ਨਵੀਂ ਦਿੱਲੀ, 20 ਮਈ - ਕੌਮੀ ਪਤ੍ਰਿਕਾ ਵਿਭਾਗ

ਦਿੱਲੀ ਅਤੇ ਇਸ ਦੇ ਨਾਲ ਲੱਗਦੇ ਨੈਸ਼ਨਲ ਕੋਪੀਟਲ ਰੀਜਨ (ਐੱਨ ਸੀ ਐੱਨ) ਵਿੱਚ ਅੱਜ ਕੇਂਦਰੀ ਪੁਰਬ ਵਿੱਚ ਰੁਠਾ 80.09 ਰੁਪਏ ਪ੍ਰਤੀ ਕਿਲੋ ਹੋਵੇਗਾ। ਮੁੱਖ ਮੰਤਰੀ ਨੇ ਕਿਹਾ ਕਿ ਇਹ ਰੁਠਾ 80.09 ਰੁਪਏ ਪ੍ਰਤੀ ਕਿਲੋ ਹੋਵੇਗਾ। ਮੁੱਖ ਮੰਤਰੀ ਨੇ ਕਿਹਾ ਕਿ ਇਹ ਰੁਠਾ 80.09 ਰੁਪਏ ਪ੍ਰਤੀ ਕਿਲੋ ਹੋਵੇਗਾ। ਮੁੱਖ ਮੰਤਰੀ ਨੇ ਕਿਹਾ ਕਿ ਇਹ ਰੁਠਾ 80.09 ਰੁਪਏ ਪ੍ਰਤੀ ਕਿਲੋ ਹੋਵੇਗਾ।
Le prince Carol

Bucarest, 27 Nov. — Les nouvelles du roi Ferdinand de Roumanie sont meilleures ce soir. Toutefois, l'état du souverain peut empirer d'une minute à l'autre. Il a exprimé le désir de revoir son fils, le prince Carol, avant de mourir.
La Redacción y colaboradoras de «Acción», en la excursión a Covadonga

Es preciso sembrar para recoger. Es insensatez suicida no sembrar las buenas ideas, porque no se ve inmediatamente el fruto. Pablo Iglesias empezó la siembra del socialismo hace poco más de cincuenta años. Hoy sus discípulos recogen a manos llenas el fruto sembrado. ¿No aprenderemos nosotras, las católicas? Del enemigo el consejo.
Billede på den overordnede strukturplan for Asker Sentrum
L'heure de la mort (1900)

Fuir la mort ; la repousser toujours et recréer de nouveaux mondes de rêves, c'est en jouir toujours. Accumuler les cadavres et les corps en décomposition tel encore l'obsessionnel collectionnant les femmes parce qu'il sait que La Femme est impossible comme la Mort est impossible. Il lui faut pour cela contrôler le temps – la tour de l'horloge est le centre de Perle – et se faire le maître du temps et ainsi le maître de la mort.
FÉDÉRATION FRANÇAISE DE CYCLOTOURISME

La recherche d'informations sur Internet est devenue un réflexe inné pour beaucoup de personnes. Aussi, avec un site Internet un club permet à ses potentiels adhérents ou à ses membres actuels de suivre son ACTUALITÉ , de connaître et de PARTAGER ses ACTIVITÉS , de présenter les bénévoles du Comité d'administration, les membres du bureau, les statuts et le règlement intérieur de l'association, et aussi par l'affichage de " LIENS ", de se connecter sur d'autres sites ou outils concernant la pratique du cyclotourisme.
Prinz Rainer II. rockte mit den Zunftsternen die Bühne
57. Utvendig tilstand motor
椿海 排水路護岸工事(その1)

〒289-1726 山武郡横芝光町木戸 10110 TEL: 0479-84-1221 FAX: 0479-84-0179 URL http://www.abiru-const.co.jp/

==

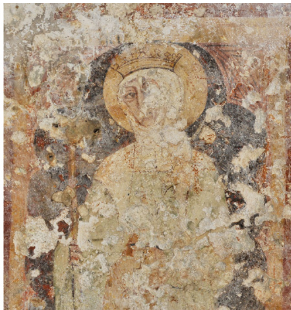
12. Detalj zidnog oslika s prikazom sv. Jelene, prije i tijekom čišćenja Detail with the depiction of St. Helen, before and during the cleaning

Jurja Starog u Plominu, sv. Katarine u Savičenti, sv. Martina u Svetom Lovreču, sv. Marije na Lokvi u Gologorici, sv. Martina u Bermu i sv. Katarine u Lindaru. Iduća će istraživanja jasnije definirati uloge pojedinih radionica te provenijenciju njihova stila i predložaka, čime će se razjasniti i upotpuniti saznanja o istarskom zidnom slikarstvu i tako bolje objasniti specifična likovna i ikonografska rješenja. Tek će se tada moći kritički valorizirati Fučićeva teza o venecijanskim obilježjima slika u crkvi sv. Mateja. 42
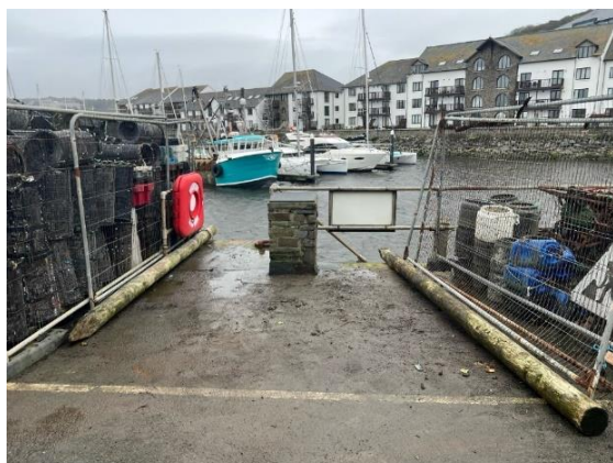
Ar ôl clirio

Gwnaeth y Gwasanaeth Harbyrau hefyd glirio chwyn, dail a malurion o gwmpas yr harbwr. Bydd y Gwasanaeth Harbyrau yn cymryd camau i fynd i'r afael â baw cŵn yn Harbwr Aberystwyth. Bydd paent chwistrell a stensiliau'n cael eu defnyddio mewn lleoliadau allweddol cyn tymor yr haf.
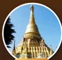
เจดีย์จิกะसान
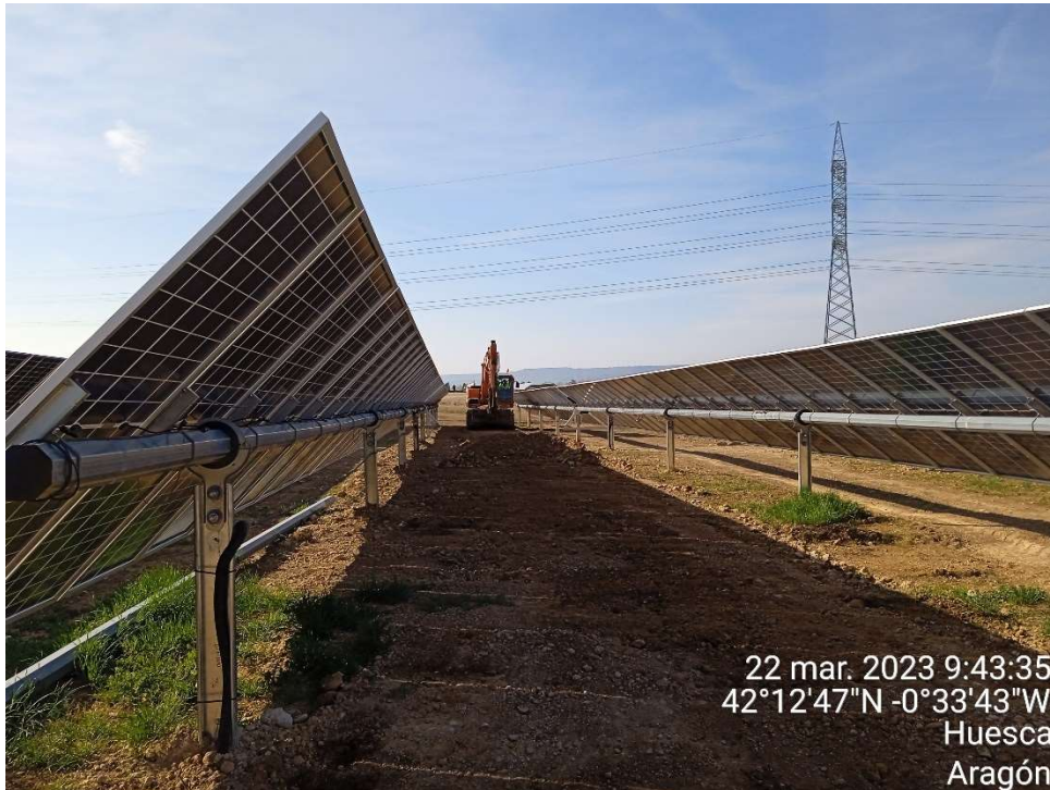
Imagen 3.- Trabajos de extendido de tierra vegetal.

==

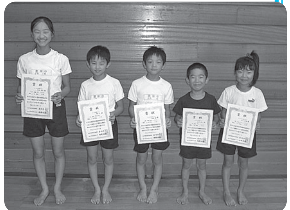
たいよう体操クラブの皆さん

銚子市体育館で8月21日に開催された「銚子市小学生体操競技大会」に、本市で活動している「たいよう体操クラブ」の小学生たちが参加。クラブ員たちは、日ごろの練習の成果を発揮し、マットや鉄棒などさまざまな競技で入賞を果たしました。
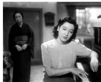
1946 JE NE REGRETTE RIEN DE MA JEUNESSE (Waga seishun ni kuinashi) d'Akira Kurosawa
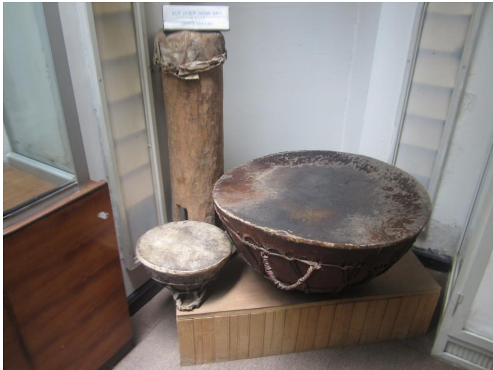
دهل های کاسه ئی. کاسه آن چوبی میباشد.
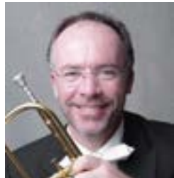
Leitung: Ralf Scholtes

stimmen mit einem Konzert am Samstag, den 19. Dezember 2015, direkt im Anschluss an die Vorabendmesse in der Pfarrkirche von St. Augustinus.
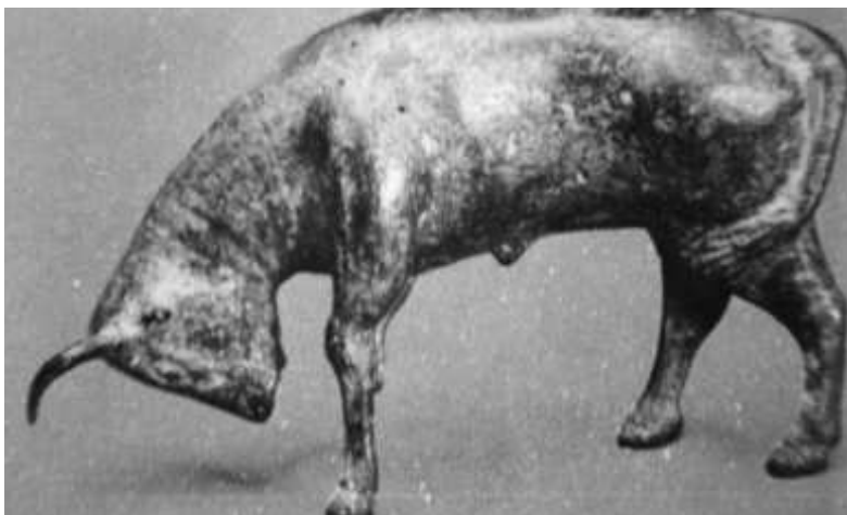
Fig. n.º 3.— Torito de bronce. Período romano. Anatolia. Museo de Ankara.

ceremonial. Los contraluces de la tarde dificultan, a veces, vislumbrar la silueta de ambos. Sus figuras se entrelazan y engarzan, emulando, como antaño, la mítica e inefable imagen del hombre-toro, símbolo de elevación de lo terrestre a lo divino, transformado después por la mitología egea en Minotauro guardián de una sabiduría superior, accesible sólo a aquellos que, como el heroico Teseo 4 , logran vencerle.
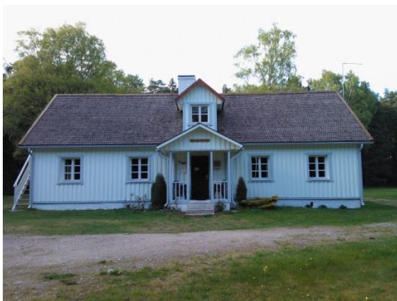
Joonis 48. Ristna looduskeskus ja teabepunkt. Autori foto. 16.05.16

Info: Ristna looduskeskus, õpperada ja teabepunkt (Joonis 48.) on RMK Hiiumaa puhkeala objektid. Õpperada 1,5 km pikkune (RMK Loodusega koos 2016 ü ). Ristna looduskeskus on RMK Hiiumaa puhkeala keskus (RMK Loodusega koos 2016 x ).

WHAT THE TASK REQUIRES » Above is a listing; print exactly its lines from the one with "Prinz Rainer II." through the one with "0479-84-0179 URL http://www.abiru-const.co.jp/", and no other lines.

RESULT OF THIS TASK »
Prinz Rainer II. rockte mit den Zunftsternen die Bühne
57. Utvendig tilstand motor
椿海 排水路護岸工事(その1)

〒289-1726 山武郡横芝光町木戸 10110 TEL: 0479-84-1221 FAX: 0479-84-0179 URL http://www.abiru-const.co.jp/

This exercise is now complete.